Have found footage films jumped the shark? (If the answer is yes, someone’s going to have to hunt down the beast that ate the shark-jumping cameraman so we can retrieve the tape and see exactly what happened.) Though the genre dates all the way back to 1980’s Cannibal Holocaust, it saw a spike with 1999’s Blair Witch Project and has become the horror delivery vehicle du jour thanks to recent hits like The Devil Inside and the Paranormal Activity films. To be fair, The American Dream doesn’t completely qualify as a found footage film — as far as I can tell, no one finds the protagonist’s camera — but the movie is a sign that the genre may have already seen its best days.
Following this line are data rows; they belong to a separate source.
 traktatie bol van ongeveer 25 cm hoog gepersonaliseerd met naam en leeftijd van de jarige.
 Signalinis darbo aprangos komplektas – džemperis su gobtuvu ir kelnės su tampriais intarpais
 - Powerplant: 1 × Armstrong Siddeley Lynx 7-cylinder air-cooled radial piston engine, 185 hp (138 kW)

Like Cloverfield, Chronicle and Project X, The American Dream proves that horror films haven’t completely cornered the found footage market. Luis (Jamil Walker Smith) and Ronald (Malcolm Goodwin) are lifelong friends and newly-enlisted Marines who are about to ship off to Afghanistan. Luis is an aspiring filmmaker who idolizes Spike Lee (Smith also directed the film under the moniker J. Smith), so he decides to document his and Ronald’s last few days with their families and friends before they leave.
This in itself sounds like a great idea for an emotional, dramatic movie, but Smith doesn’t seem quite as sure. Instead, he also flashes back to a month before Luis and Ronald’s deployment for their Cancun vacation and springs five months ahead to show us their time in Afghanistan. I’d be ok with showing Luis and Ronald in happier times (Cancun) and the rapid effect the war has on them in Afghanistan if it didn’t stretch the “we’re taping everything” premise to its breaking point.
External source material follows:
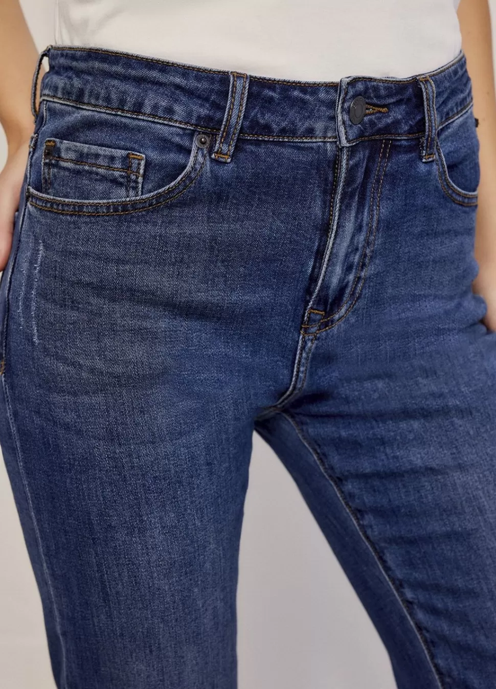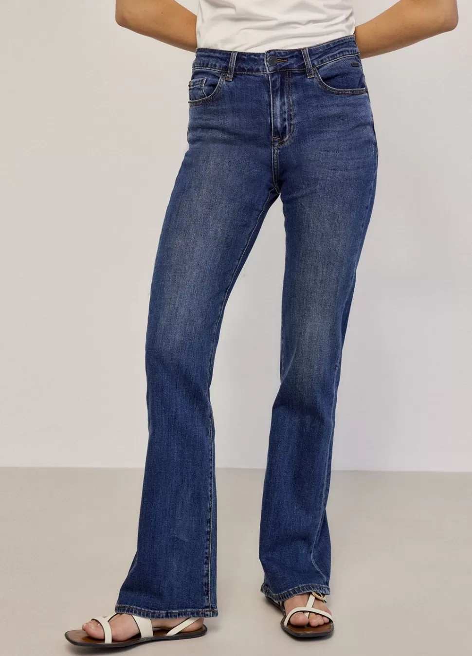 Een Flared Spijkerbroek Voorzien Van Een Verwassen Look, Een Middelhoge Taille, Uitlopende Broekspijpen, Voor- En Achterzakken, Een Knoopsluiting En Een Gulp Met Ritssluiting.
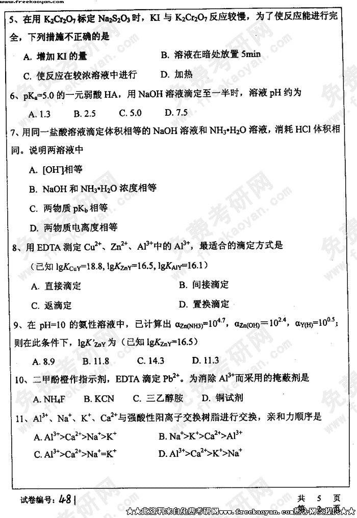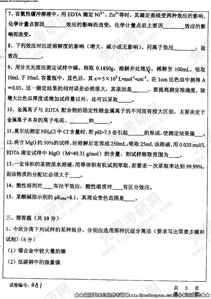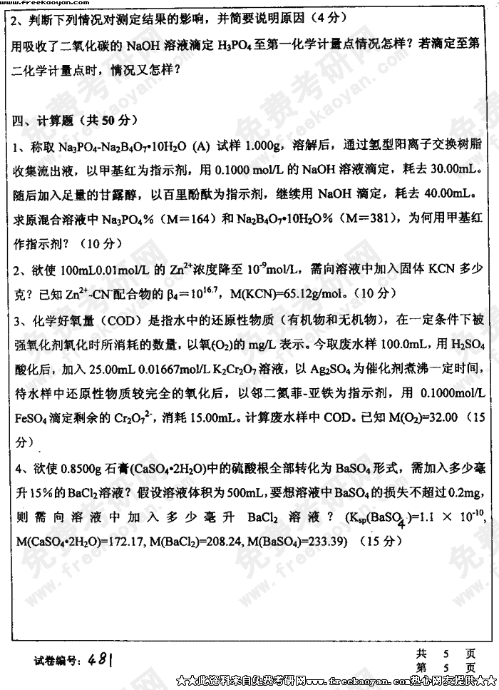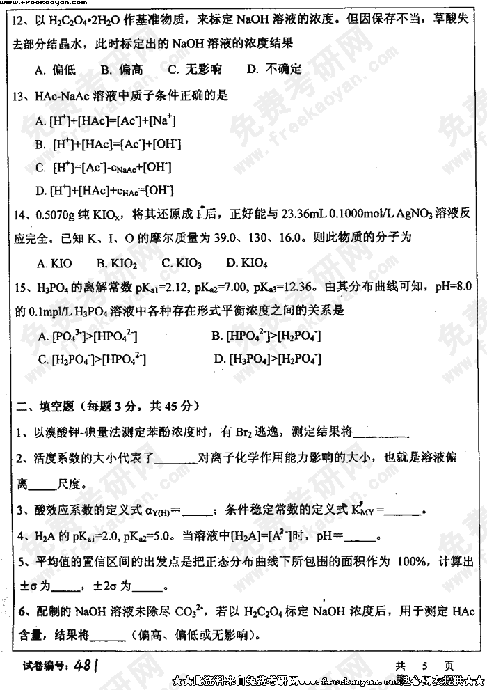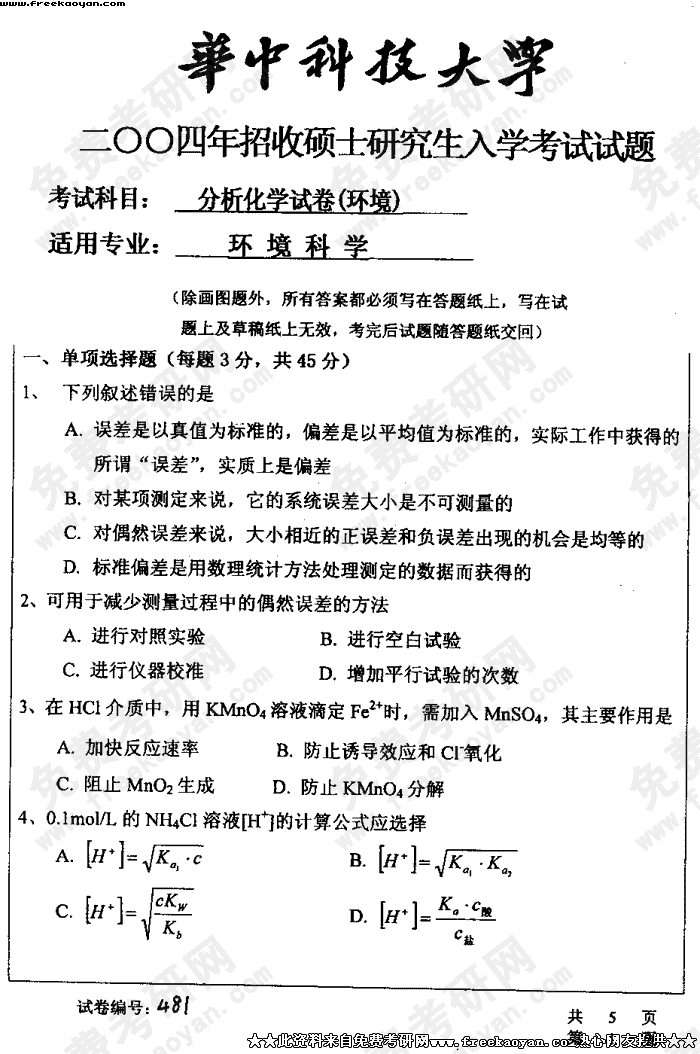 华中科技大学2004年考研真题-分析化学试卷(环境)

I understand why filmmakers — especially young ones with modest budgets like Smith — gravitate toward the found footage genre. It provides an immediacy and faux intimacy that separates it from most films, it keeps costs down and, if the movie looks like crap, no one can complain because it’s kinda supposed to look like crap. I actually think that style would’ve worked rather well if Smith had stuck with documenting the characters’ last few days. The movie’s opening credits keep up the ruse by billing The American Dream as “A Film by Us” and featuring Luis and Ronald’s names, alongside credited actors like “Cousin Donnie” and “Grandma Betty.” Instead, the director strains the storytelling beyond its means, and the fact that Luis is taping everything winds up irritating the audience almost as much as it irritates some characters on-screen.
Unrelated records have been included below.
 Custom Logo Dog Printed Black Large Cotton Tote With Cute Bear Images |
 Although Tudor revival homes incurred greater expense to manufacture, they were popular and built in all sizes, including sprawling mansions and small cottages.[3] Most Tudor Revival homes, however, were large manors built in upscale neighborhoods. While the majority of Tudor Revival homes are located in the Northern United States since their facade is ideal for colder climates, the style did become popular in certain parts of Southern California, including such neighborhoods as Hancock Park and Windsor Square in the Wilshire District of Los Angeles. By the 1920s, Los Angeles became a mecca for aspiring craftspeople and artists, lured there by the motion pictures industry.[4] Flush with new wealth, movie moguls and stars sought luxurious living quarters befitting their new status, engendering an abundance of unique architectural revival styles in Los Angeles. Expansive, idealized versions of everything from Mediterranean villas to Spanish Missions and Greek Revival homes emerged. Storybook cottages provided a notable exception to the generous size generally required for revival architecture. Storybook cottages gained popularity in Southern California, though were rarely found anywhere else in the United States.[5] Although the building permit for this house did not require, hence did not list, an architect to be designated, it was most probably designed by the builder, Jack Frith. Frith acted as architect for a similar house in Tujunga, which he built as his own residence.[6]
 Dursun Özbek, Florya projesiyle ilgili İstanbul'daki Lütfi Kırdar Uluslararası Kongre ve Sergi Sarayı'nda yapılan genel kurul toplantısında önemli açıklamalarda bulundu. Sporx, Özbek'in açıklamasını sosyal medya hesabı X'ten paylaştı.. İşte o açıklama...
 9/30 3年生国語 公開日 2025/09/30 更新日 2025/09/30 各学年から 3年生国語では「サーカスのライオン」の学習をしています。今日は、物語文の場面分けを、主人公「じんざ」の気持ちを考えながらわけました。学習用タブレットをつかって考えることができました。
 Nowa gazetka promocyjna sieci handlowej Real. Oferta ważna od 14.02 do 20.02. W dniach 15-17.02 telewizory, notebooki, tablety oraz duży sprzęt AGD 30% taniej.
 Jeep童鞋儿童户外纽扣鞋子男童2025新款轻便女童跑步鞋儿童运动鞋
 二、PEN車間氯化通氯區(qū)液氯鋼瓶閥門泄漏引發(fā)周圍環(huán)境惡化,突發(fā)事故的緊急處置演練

It’s a shame because Smith shows some real promise as a filmmaker. Sure, some of his stylistic touches are openly cribbed from Spike Lee’s playbook — and the plot reminded me of Lee’s underrated The 25th Hour, another film about the final days before a man goes somewhere unpleasant for a few years. (Another subtle clue: the film’s original title was Make a Movie Like Spike.) However, Smith also comes up with a few striking images of his own — Luis and Ronald’s wild night with two girls was particularly memorable — and some directorial flourishes (like a short film from Luis that documents his parents’ break up or an unnecessary switch to Super 8 footage) that are out of place in this particular movie, but impressive nonetheless. There’s also the requisite semi-ambiguous climax where the camera gets knocked to the ground with a thud, but Smith is smart enough to not actually end his movie with that particular shot.
As an actor, Smith is annoying in the same way most found footage protagonists who talk too much and mug for the camera are. He’s more effective in quiet moments with Luis’s grandmother and mother. Goodwin has more to play with as an actor — Ronald is well-read and articulate after having spent 11 months in prison catching up on high-minded books like “A Man’s Search for Meaning” — so the depth he brings to his character winds up being slightly more believable. The rest of the cast is filled with solid, little-known actors pretending to be amateurs and mostly pulling it off. The material with the families is more impactful than the soldiers’ overlong and crude philosophizing. (Even though the film is only 79 minutes long, several scenes feel like they go on longer than they should.)
Except for a few relatives briefly discussing the merits (or lack thereof) of the war, the movie mostly stays away from taking any sort of overt political stance. Instead, it focuses on two young men — the characters are a bit thin, perhaps so they can stand in for anybody in their position — who want to improve their lives the only way they know how and achieve their dreams, whether that’s becoming a hotshot filmmaker or returning home to raise a baby. I’m just not sure that we needed the shaky cam.